• Exercise goal: The records that follow are to be printed exactly, with no images.

• Given records:
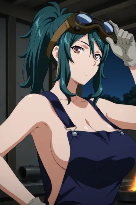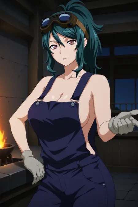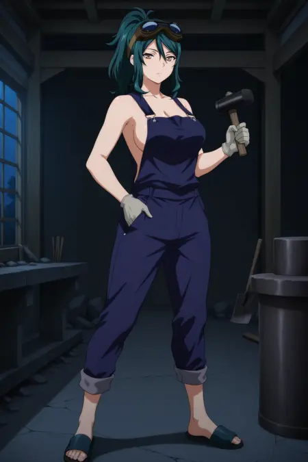 kotetsu, long hair, green hair, ponytail, sidelocks, parted bangs, hair between eyes, brown eyes, goggles on head, blue overalls, naked overalls, grey gloves, blue pants, blue footwear, slides
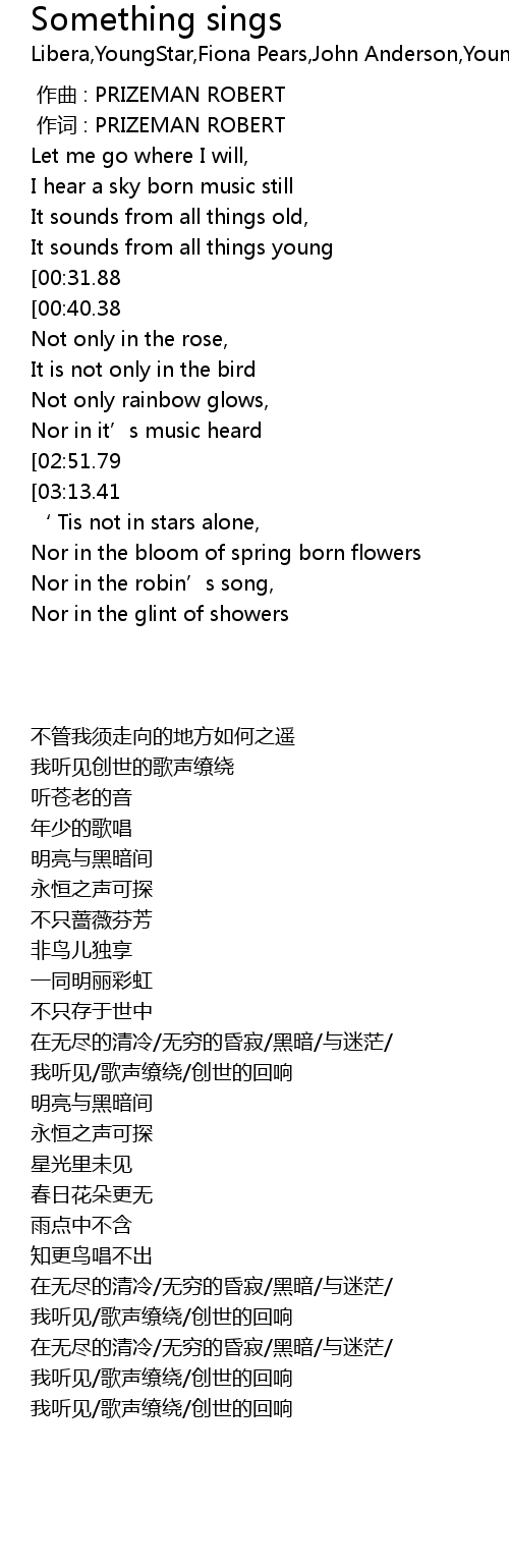 | [03:26.76][03:13.41][03:00.66][01:25.85] | There always, always something sings |
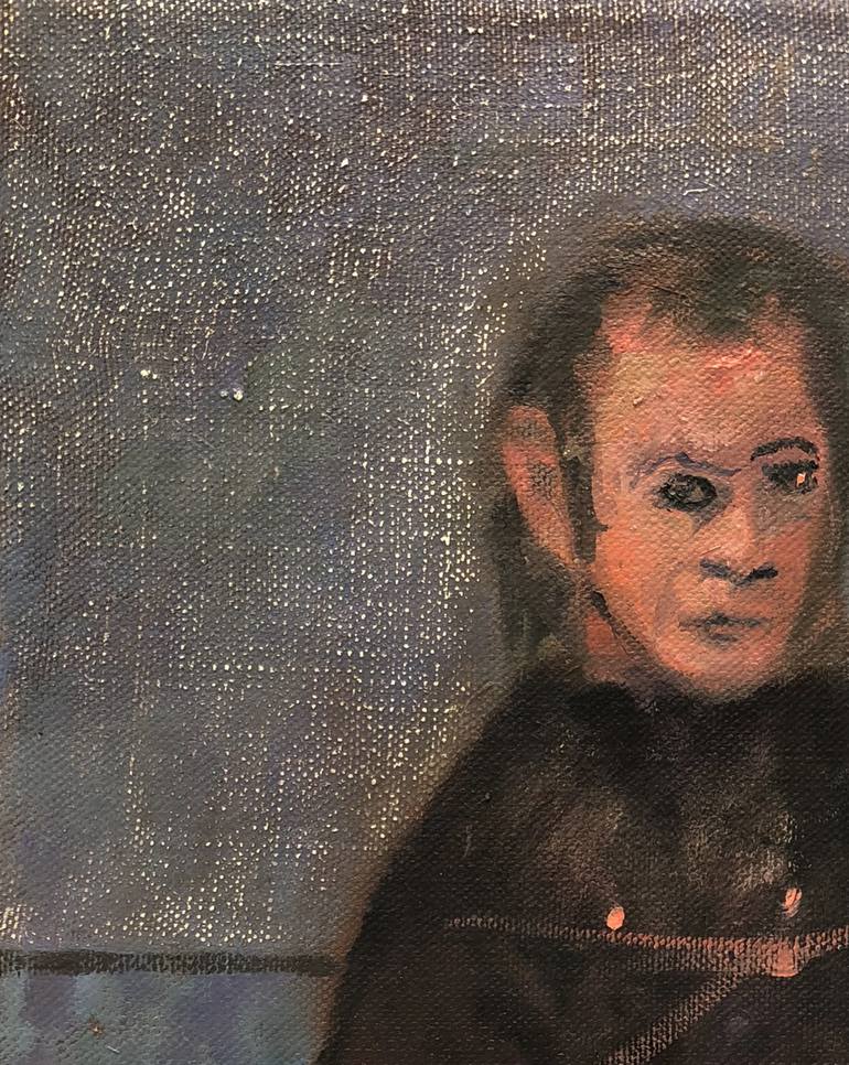 Original Steve Binetti painting. Title: „Portrait With Dressing Gown“. Oil on canvas. Signed on the backside „Steve Binetti 2003“. Size: 40 x 50 x 4 cm. (please note: dimensions are given in centimeters) Weight: ca. 800 gr. Shipping weight: ca. 4500 gr. Condition: perfect, looks great when frame...
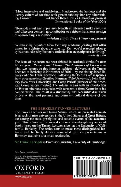 The question of the canon has been the subject of debate in academic circles for over fifteen years. Pleasure and Change contains two lectures on this important subject by the distinguished literary critic Sir Frank Kermode. In essays that were originally delivered as Tanner Lectures at Berkeley in November of 2001, Kermode reinterprets the question of canon formation in light of two related and central notions: pleasure and change. He asks how aesthetic pleasure informs what we find valuable, and how this perception changes over time. Kermode also explores the role of chance, observing the connections between canon formation and unintentional and sometimes even random circumstance. Geoffrey Hartmann (Yale University), John Guillory (New York University), and Carey Perloff (director of the American Conservatory Theatre) offer incisive comments on these essays, to which Kermode responds in a lively rejoinder. The volume begins with a helpful introduction by Robert Alter. The result is a stimulating and accessible discussion of a highly significant cultural debate.
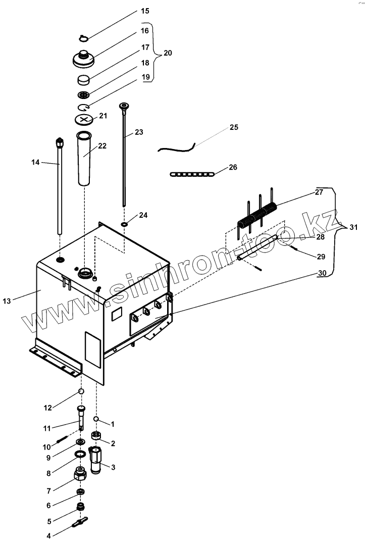 Каталог запасных частей к технике: ЧСДМ В-160. Бак топливный (А121.31.02.000-01)
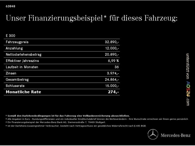Voor zakelijke klanten bieden wij optioneel een financial lease oplossing en voor particuliere klanten een persoonlijke lening. Met onderstaande module kunt u uw maandbedrag berekenen voor het financieren van bovenstaande Mercedes-Benz E 300.
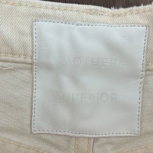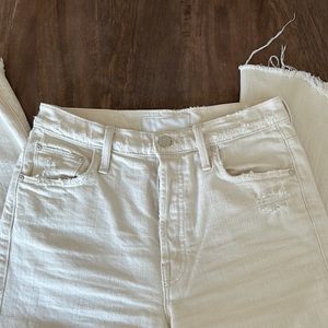 These cream-colored jeans from MOTHER feature a stylish flare and wide-leg design, perfect for adding a touch of elegance to any outfit. The high-rise waist and raw hem offer a modern, chic look, making them a versatile addition to your wardrobe.
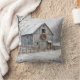 En rustik lada är försedd med en festlig julkrans mot en bakgrund av lätt fallande snö
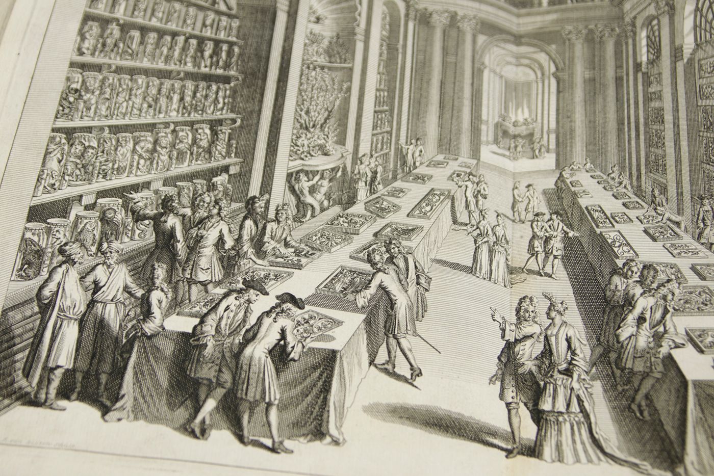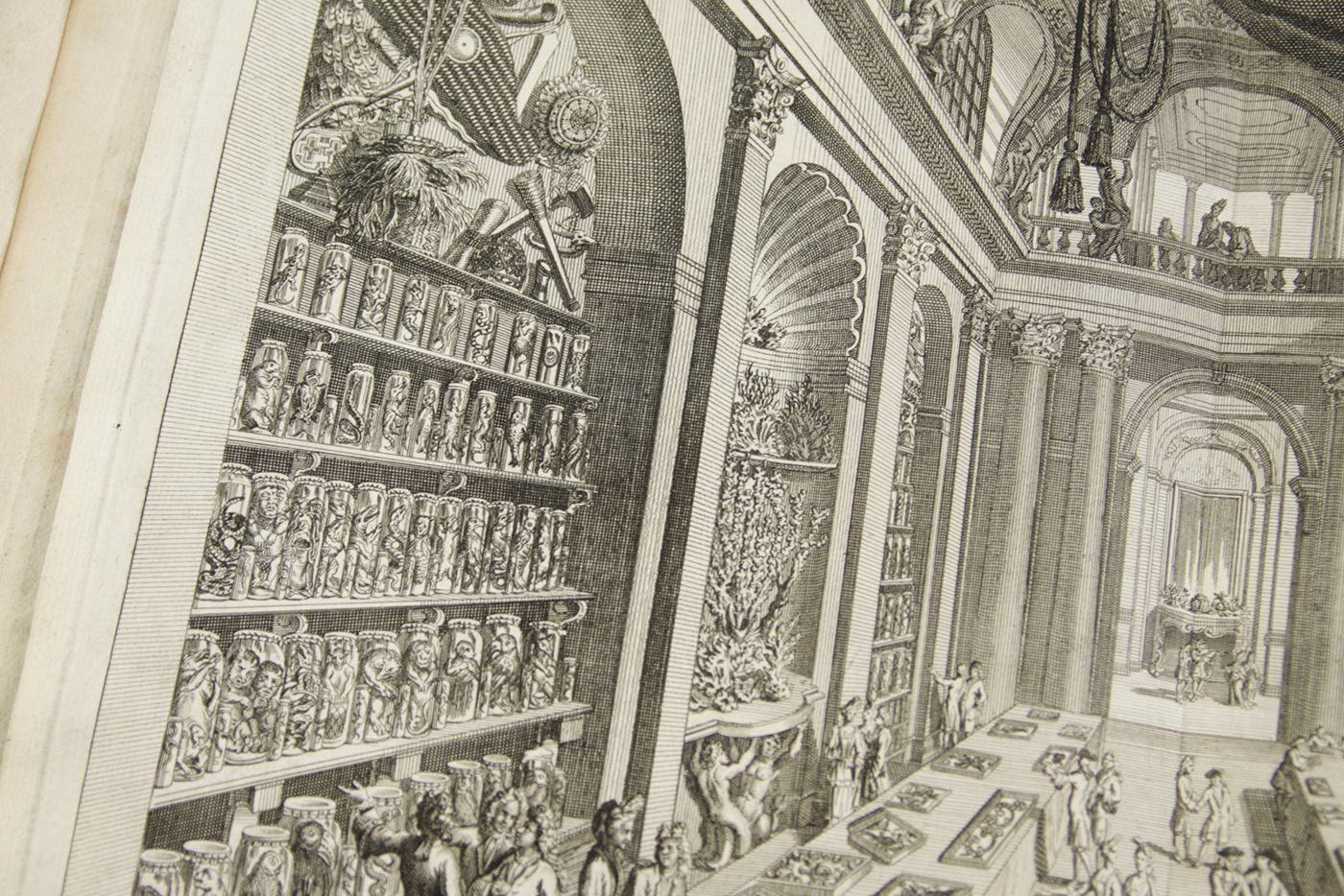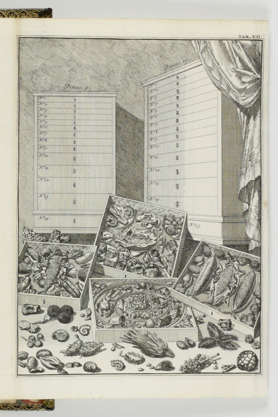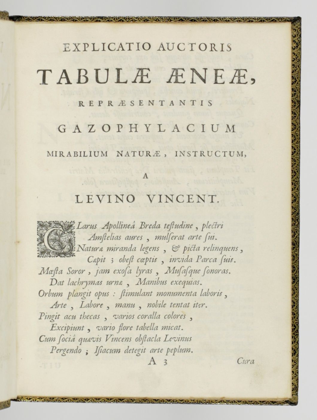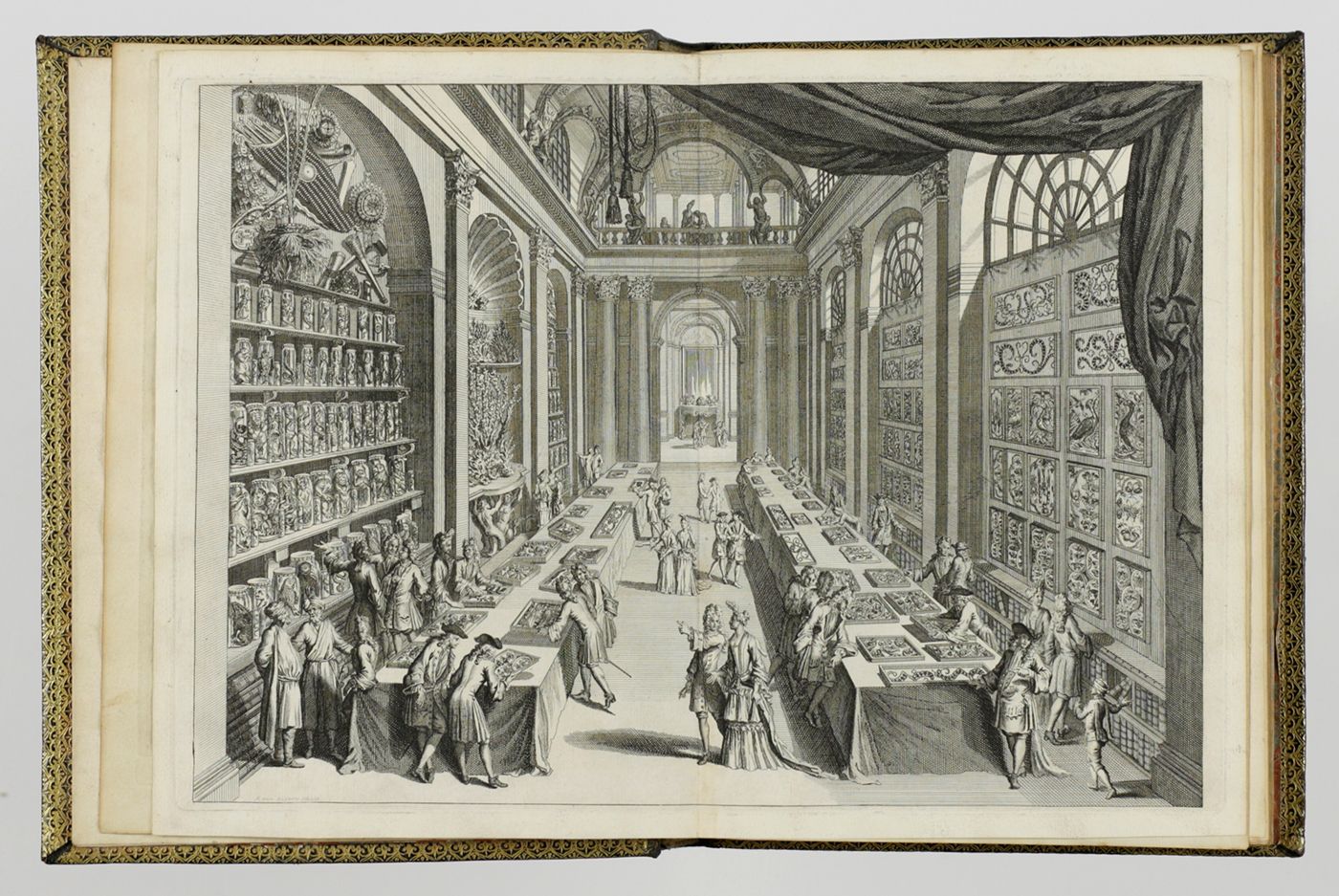 An extraordinary copy of this rarely-seen work by Levinus Vincent (1658-1727) in a spectacular contemporary binding. He "...was a rich Dutch designer and merchant of luxurious textiles, such as damask, silk and brocade. He was of the Anabaptist faith. He collected natural history objects (shells, insects, corals, birds, lizard and small mammals as wet preparations) artefacts (ethnographical items), paintings and drawings of flowers. The titles translate as: Miracle Show of Nature, opened in a brief description of the principal parts of the special rarities included therein; arranged and preserved by Levinus Vincent. [AND] The second part or continuation of Nature's Miracle Show, or a short description of bloodless, swimming, flying, crawling, and four-legged clawed egg-laying animals, and of shells, corals, sea shrubs, metallic and stone-turned things , etc. in very large numbers present in the cabinets of Levinus Vincent. Vincent and his wife, Joanna van Breda, took a lot of effort to present their collectables in a pleasurable and instructive spectacle. They ordered their shells and insects in elegant designs that resembled magnificent pieces of embroidery" (Wikipedia). He "considered it his task to create an order in the collection. He classified and catalogued insects, butterflies and shells, among other things. His collection could be visited. The entry price was two guilders in 1726: a substantial sum. Vincent saw nature as a reflection of God's omnipotence and, according to his own words, his collection had people turned to God because they were impressed by His ability" (website Stadsarchief Gemeente Amsterdam). Vincent "...aimed at the non-Latin-speaking public, printing the catalogue of his collection in both Dutch and French - Wondertooneel der Nature (Wonder Theater of Nature), giving details of all the objects on display. This catalogue sold for three guilder plus a tip or entrance fee of two guilder. He had fixed hours for its visitors. His visitor book (from 1705 to 1737) includes at least 3,500 entries, including Peter the Great. ... After the death of his second wife in 1715, he remarried a woman who did not like his collection or hobby. Vincent moved to the Hague, hoping to find a buyer for his cabinet among the town's many diplomats. He corresponded with such friends as James Petiver and Hans Sloane in England." (Wikipedia). Page numbering is somewhat confusing due to the presence of two unnumbered pages between the (also unnumbered) pages 8 (errata) and 9 of the second part. Binding and contents, except for an occasional small spot and a small chip in the lower outer corner of the rear endpaper, in a superb state. Once-in-a-liftetime copy. Nissen ZBI, 4254. Fearrington, Rooms of wonder, 96 (Lat. ed.).
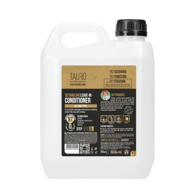 Denne leave-in balsamen er det siste steget i Tauro Pro Line’s tre-stegs system for pelspleie. Det gir fuktighet, fikserer resultatet og etterlater pelsen lett å børste og fri for frizz. Perfekt for både hunder og katter, og passer for alle pels- og hudtyper.

• Exercise output:
 kotetsu, long hair, green hair, ponytail, sidelocks, parted bangs, hair between eyes, brown eyes, goggles on head, blue overalls, naked overalls, grey gloves, blue pants, blue footwear, slides
 | [03:26.76][03:13.41][03:00.66][01:25.85] | There always, always something sings |
 Original Steve Binetti painting. Title: „Portrait With Dressing Gown“. Oil on canvas. Signed on the backside „Steve Binetti 2003“. Size: 40 x 50 x 4 cm. (please note: dimensions are given in centimeters) Weight: ca. 800 gr. Shipping weight: ca. 4500 gr. Condition: perfect, looks great when frame...
 The question of the canon has been the subject of debate in academic circles for over fifteen years. Pleasure and Change contains two lectures on this important subject by the distinguished literary critic Sir Frank Kermode. In essays that were originally delivered as Tanner Lectures at Berkeley in November of 2001, Kermode reinterprets the question of canon formation in light of two related and central notions: pleasure and change. He asks how aesthetic pleasure informs what we find valuable, and how this perception changes over time. Kermode also explores the role of chance, observing the connections between canon formation and unintentional and sometimes even random circumstance. Geoffrey Hartmann (Yale University), John Guillory (New York University), and Carey Perloff (director of the American Conservatory Theatre) offer incisive comments on these essays, to which Kermode responds in a lively rejoinder. The volume begins with a helpful introduction by Robert Alter. The result is a stimulating and accessible discussion of a highly significant cultural debate.
 Каталог запасных частей к технике: ЧСДМ В-160. Бак топливный (А121.31.02.000-01)
Voor zakelijke klanten bieden wij optioneel een financial lease oplossing en voor particuliere klanten een persoonlijke lening. Met onderstaande module kunt u uw maandbedrag berekenen voor het financieren van bovenstaande Mercedes-Benz E 300.
 These cream-colored jeans from MOTHER feature a stylish flare and wide-leg design, perfect for adding a touch of elegance to any outfit. The high-rise waist and raw hem offer a modern, chic look, making them a versatile addition to your wardrobe.
 En rustik lada är försedd med en festlig julkrans mot en bakgrund av lätt fallande snö
 An extraordinary copy of this rarely-seen work by Levinus Vincent (1658-1727) in a spectacular contemporary binding. He "...was a rich Dutch designer and merchant of luxurious textiles, such as damask, silk and brocade. He was of the Anabaptist faith. He collected natural history objects (shells, insects, corals, birds, lizard and small mammals as wet preparations) artefacts (ethnographical items), paintings and drawings of flowers. The titles translate as: Miracle Show of Nature, opened in a brief description of the principal parts of the special rarities included therein; arranged and preserved by Levinus Vincent. [AND] The second part or continuation of Nature's Miracle Show, or a short description of bloodless, swimming, flying, crawling, and four-legged clawed egg-laying animals, and of shells, corals, sea shrubs, metallic and stone-turned things , etc. in very large numbers present in the cabinets of Levinus Vincent. Vincent and his wife, Joanna van Breda, took a lot of effort to present their collectables in a pleasurable and instructive spectacle. They ordered their shells and insects in elegant designs that resembled magnificent pieces of embroidery" (Wikipedia). He "considered it his task to create an order in the collection. He classified and catalogued insects, butterflies and shells, among other things. His collection could be visited. The entry price was two guilders in 1726: a substantial sum. Vincent saw nature as a reflection of God's omnipotence and, according to his own words, his collection had people turned to God because they were impressed by His ability" (website Stadsarchief Gemeente Amsterdam). Vincent "...aimed at the non-Latin-speaking public, printing the catalogue of his collection in both Dutch and French - Wondertooneel der Nature (Wonder Theater of Nature), giving details of all the objects on display. This catalogue sold for three guilder plus a tip or entrance fee of two guilder. He had fixed hours for its visitors. His visitor book (from 1705 to 1737) includes at least 3,500 entries, including Peter the Great. ... After the death of his second wife in 1715, he remarried a woman who did not like his collection or hobby. Vincent moved to the Hague, hoping to find a buyer for his cabinet among the town's many diplomats. He corresponded with such friends as James Petiver and Hans Sloane in England." (Wikipedia). Page numbering is somewhat confusing due to the presence of two unnumbered pages between the (also unnumbered) pages 8 (errata) and 9 of the second part. Binding and contents, except for an occasional small spot and a small chip in the lower outer corner of the rear endpaper, in a superb state. Once-in-a-liftetime copy. Nissen ZBI, 4254. Fearrington, Rooms of wonder, 96 (Lat. ed.).
 Denne leave-in balsamen er det siste steget i Tauro Pro Line’s tre-stegs system for pelspleie. Det gir fuktighet, fikserer resultatet og etterlater pelsen lett å børste og fri for frizz. Perfekt for både hunder og katter, og passer for alle pels- og hudtyper.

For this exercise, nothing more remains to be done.